# Round Column Mill Setup



## epj (Jun 6, 2015)

I have a Grizzly 1006, which is one of the much maligned round column mill/drills that are sold under various brands. Yes, I want a knee mill, but for right now, this will have to do. Much of the whining about the round column is having to try to return to the head to center after raising or lowering it. I rarely have to move the head, but if I do, I have found a very simple way to check it. I set a dial indicator on the vise and rest the pointer on the round spindle end. I move the head side to side until I find the highest point. The head should now be exactly perpendicular to the bed. This only takes about 2-3 minutes to accomplish and seems to work well. At least it works for me.


----------



## Franko (Jun 6, 2015)

I'll bet that lots of great mill work has been done with round column mills. We work with what we have.

It's not the arrow, it's the Indian that counts.


----------



## RJSakowski (Jun 6, 2015)

epj said:


> I have a Grizzly 1006, which is one of the much maligned round column mill/drills that are sold under various brands. Yes, I want a knee mill, but for right now, this will have to do. Much of the whining about the round column is having to try to return to the head to center after raising or lowering it. I rarely have to move the head, but if I do, I have found a very simple way to check it. I set a dial indicator on the vise and rest the pointer on the round spindle end. I move the head side to side until I find the highest point. The head should now be exactly perpendicular to the bed. This only takes about 2-3 minutes to accomplish and seems to work well. At least it works for me.


If you put a 1/2" pin in the spindle, a .0001" error in locating the high spot will give you an error of .007" in the X direction and an angular error of 1.6 degrees.  Reducing the pin diameter to 1/8" will give you an error of .0035" in the X direction and an angular of 3.2 degrees.  
Another method would be measure the deviation in the X direction before and after the head adjust.  If you have your head set close to perpendicular to start, there is essentially no error in the Y direction and the X direction error is as close as you can set it.  It does rely on your head being trammed properly as you are measuring at two different quill extensions.  Also, if you have spindle runout, that has to be accounted for.
In either method, use care in tightening the head and recheck the setting when done.


----------



## epj (Jun 6, 2015)

I figured someone would tell me my method was flawed.   As noted, it works for my purposes.


----------



## RJSakowski (Jun 6, 2015)

epj said:


> I figured someone would tell me my method was flawed.   As noted, it works for my purposes.

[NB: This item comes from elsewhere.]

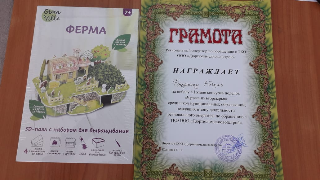 23 марта в МБОУ СОШ с.Шулганово Региональный оператор по обращению с ТКО ООО "Дюртюлимелиоводстрой"провели конкурс поделок "Чудеса из вторсырья". В данном конкурсе приняли 6 обучающиеся нашей школы. По итогам конкурса победила работа обучающейся 3 класса Фаюршиной Айгуль. Молодец, поздравляем!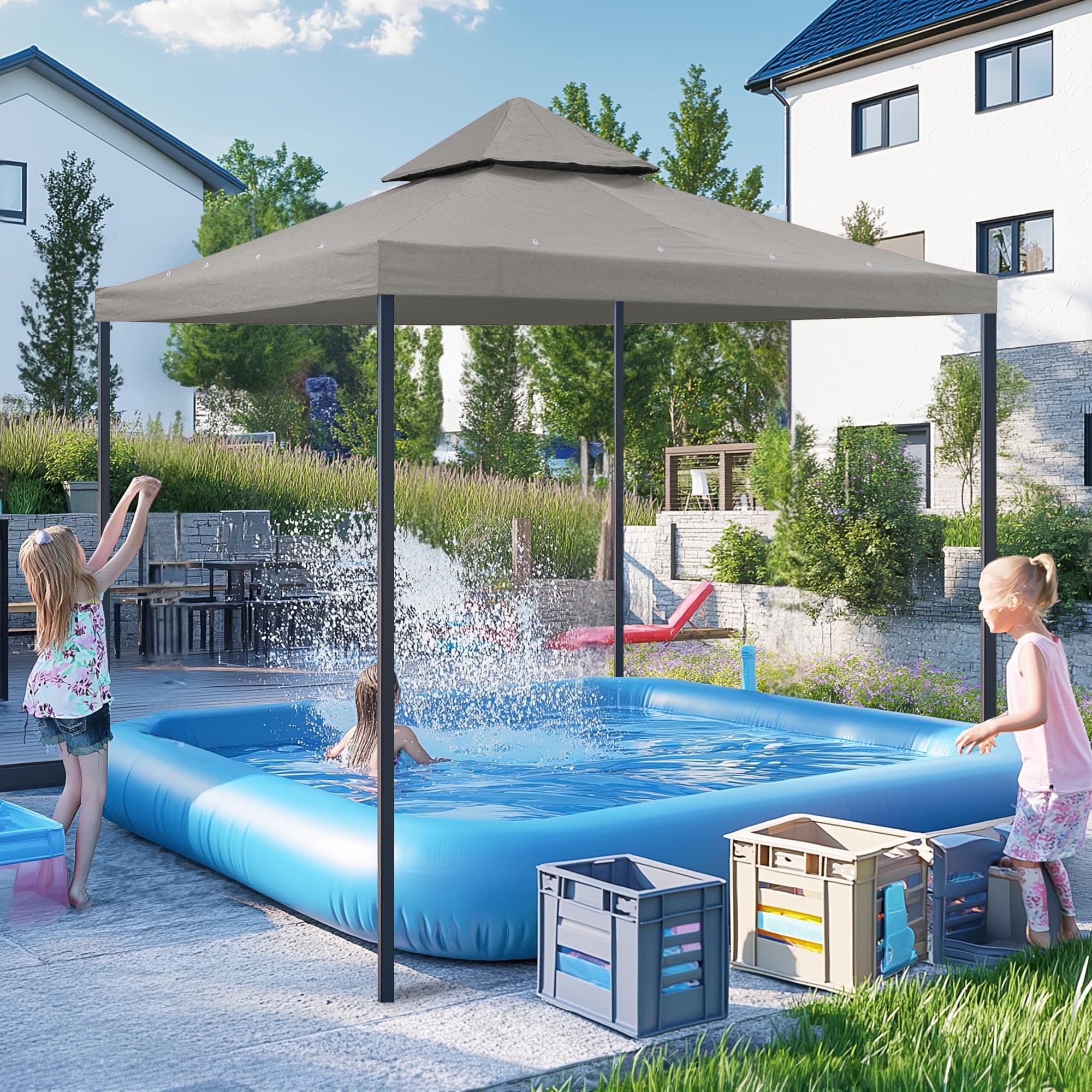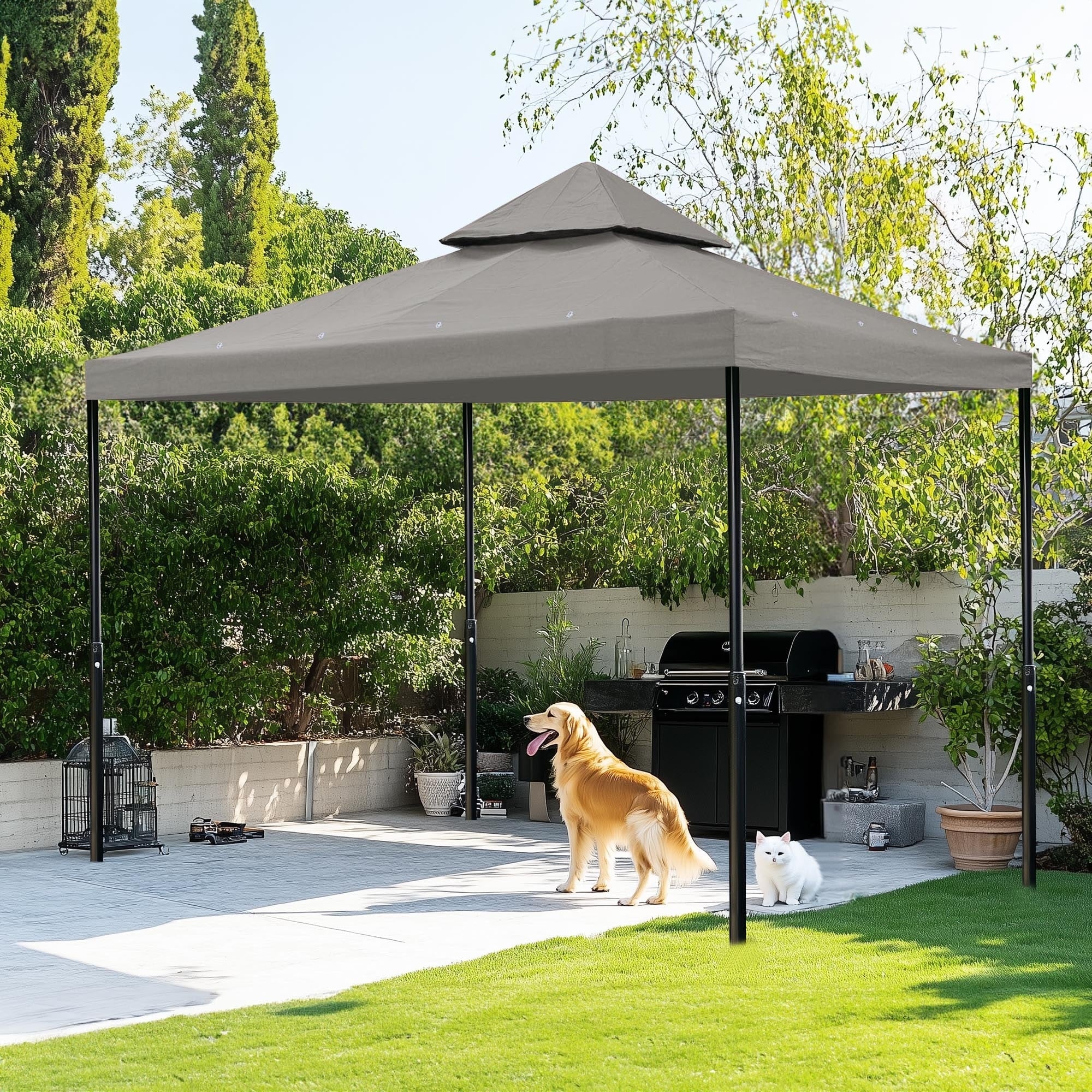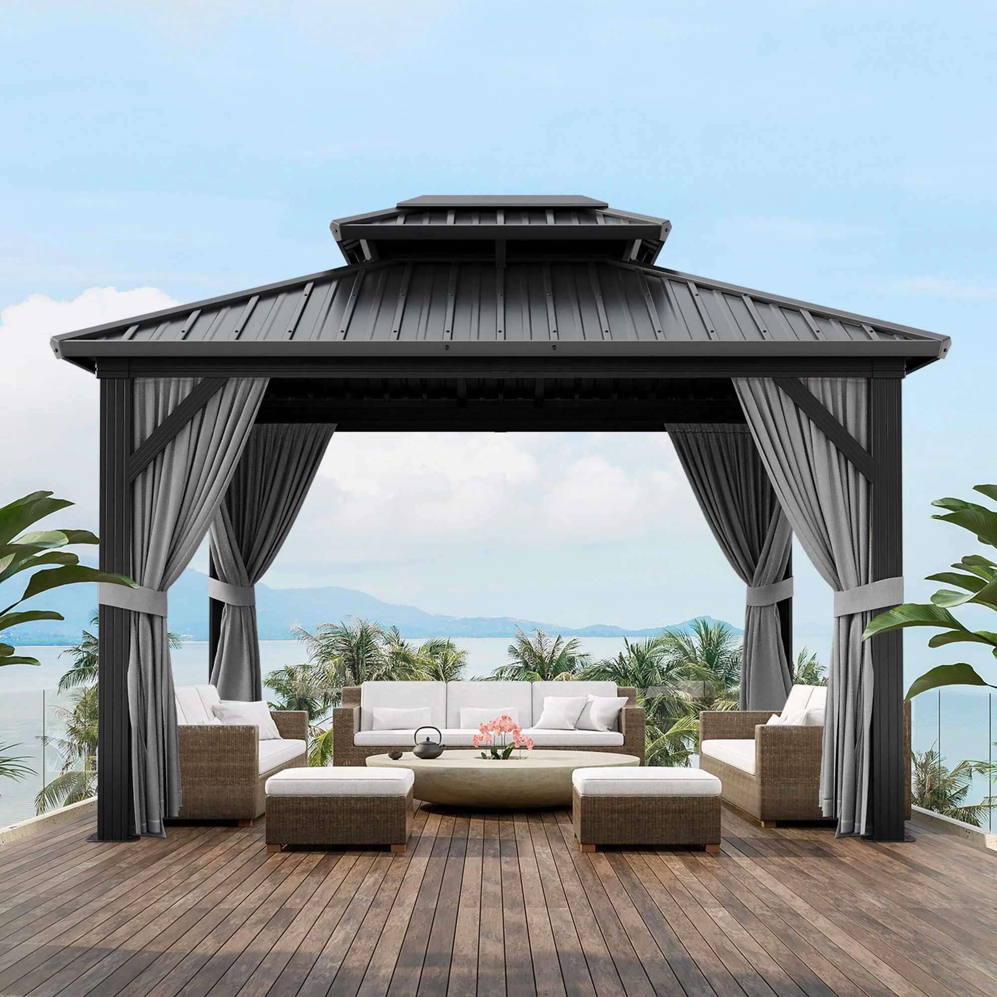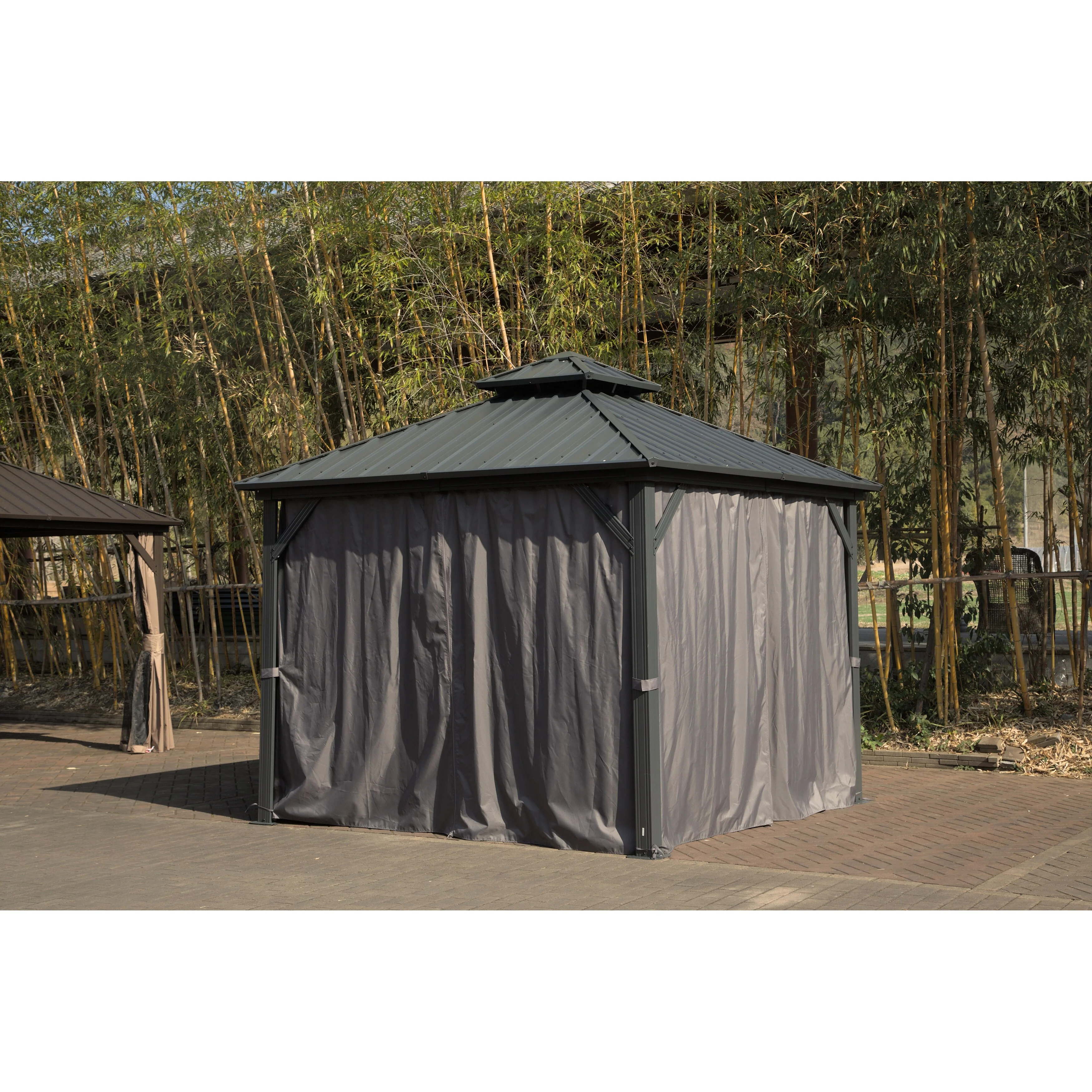 GDFStudio - Terry 8' x 8' Gray Aluminum Hardtop Gazebo with Galvanized Steel Double Roof

The intent was not to belittle your method but to point out the possible errors you could encounter.

My analysis was flawed as well.  The diameter should have been twice the distance from the spindle center line to the column centerline plus the pin diameter. However, that just worsens the X error.

I have owned a round column mill/drill for more than thirty years and struggled with the same problem that you have been. There is really not a good answer.  One solution that I had used was to use collets instead of a chuck for drills.  This helped to keep the tool lengths more consistent and reduce the need for resetting the column height.   For cases where that wasn't sufficient, running a drill or dowel pin into a previously located hole and tightening the column got me fairly close.

The best method would be to re-indicate a reference on the table and readjust your coordinates.

Here is the corrected analysis:


.


----------



## epj (Jun 6, 2015)

I was in no way offended. If it worked well, someone else would have already thought of it. Everything I do is pretty much square, so it really doesn't matter if the head is off perpendicular. The table still travels in a straight line, and I get a new zero for the Z axis just about every time. If the head were at a 30* angle, my work would come out the same, I'd just be working closer to the column. At least that's how it seems to me.


----------



## ray (Jun 6, 2015)

Do what it takes to get the job done.


----------



## epj (Jun 6, 2015)

[QUOTE="RJSakowski, post: 306693,  For cases where that wasn't sufficient, running a drill or dowel pin into a previously located hole and tightening the column got me fairly close.


.[/QUOTE]

I frequently use this same method. Works well on the mill, and to a little lessor extent works ok on the drill press as well. I recently trammed the mill, and to my amazement everything was within .0005. Needless to say, I left it alone. I installed a new Shars 690v vise and trammed it as well. Still within .001 or less all around. I had been using a cheaper Shars vise, and it became readily apparent that it was off quite a bit. It would have taken a lot of shimming to get it even close.  I check the drill press now and then. It seems to stay within a couple of thou. That's probably all I can ask for from a that rig.


----------



## RJSakowski (Jun 6, 2015)

Another method that works quite well for small parts held in the vise is to mount the jaws with the vise jaws parallel to the X axis.  The head shou;d be perpendicular to the X axis.  Adjust the head to approximately the right position and loosen the part in the vise.  Now lower the quill with a drill or dowel pin mounted in the spindle into the part and tighten the vise.  Since the Y coordinate is relatively insensitive to slight  head rotation when the head is perpendicular, any change should be insignificant.  The X position will center itself.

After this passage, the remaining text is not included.